Air pollution is already a major threat to public health in California, contributing to 19,000 premature deaths, hundreds of thousands of asthma attacks and thousands of trips to the hospital for California families.

This initiative would let the Texas oil companies and other polluters off the hook – drastically increasing air pollution and public health risks.

FACT: The proposition will kill clean energy and technology jobs, end innovation and billions of dollars of investment in California – bringing our chances to become the nation's clean energy and technology leader to a screeching halt.

The Texas oil companies want California to continue to be addicted to oil and are eager to kill any competition from clean energy business that would reduce this dependence on fossil fuels.

But the clean energy sector is one of the few bright spots in our recovering economy, and rolling back our clean energy standards will cause California to lose hundreds of thousands of jobs and billions of dollars in investments.
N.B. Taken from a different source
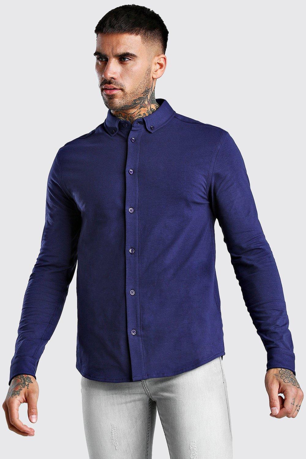 Однотонные рубашки мужские с длинным рукавом
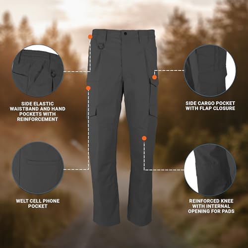 OUR BEST SELLING PANT: The Lightweight Tactical Pant is our bestselling pant for a reason; Made of a DWR coated breathable cotton ripstop and polyester blend, it won’t weigh you down and is essential for an active lifestyle 10 POCKETS: Reinforced hand pockets, a magazine pocket, a welt cell phone pocket, and 2 seat reinforcement pockets with internal wallet pockets, provide plenty of space to carry your work gear STAIN RESISTANT: Teflon fabric protector repels stains and liquids, and tactical pants are water resistant for reliable performance in the most demanding working conditions SMART DESIGN: There are extra large belt loops, and seat and knees are reinforced for extra durability, while still allowing the addition of knee pads. Pants are NTOA member tested and approved RELAXED FIT: These men’s cargo pants have a side elastic waistband that sits comfortably at the waist. The pants stay relaxed through the hip and thigh and are straight through the leg

Since 2005, California green jobs have grown 10 times faster than the statewide average for other sectors.

The number of California green businesses has increased by 45% and green jobs expanded by 36% from 1995 to 2008 while total jobs in California expanded only 13%.

California's clean technology sector received $2.1 billion in investment capital in 2009 – beating out the investment in Massachusetts, our biggest competitor, by a factor of five.

 

FACT: Projections of economic destruction resulting from AB 32 have been thoroughly invalidated and disproved by independent economists and the Legislative Analyst's Office (LAO).

The opposition clings to studies that the LAO has evaluated and determined as containing “a number of serious shortcomings that render its estimates of the annual economic costs of state regulations essentially useless.”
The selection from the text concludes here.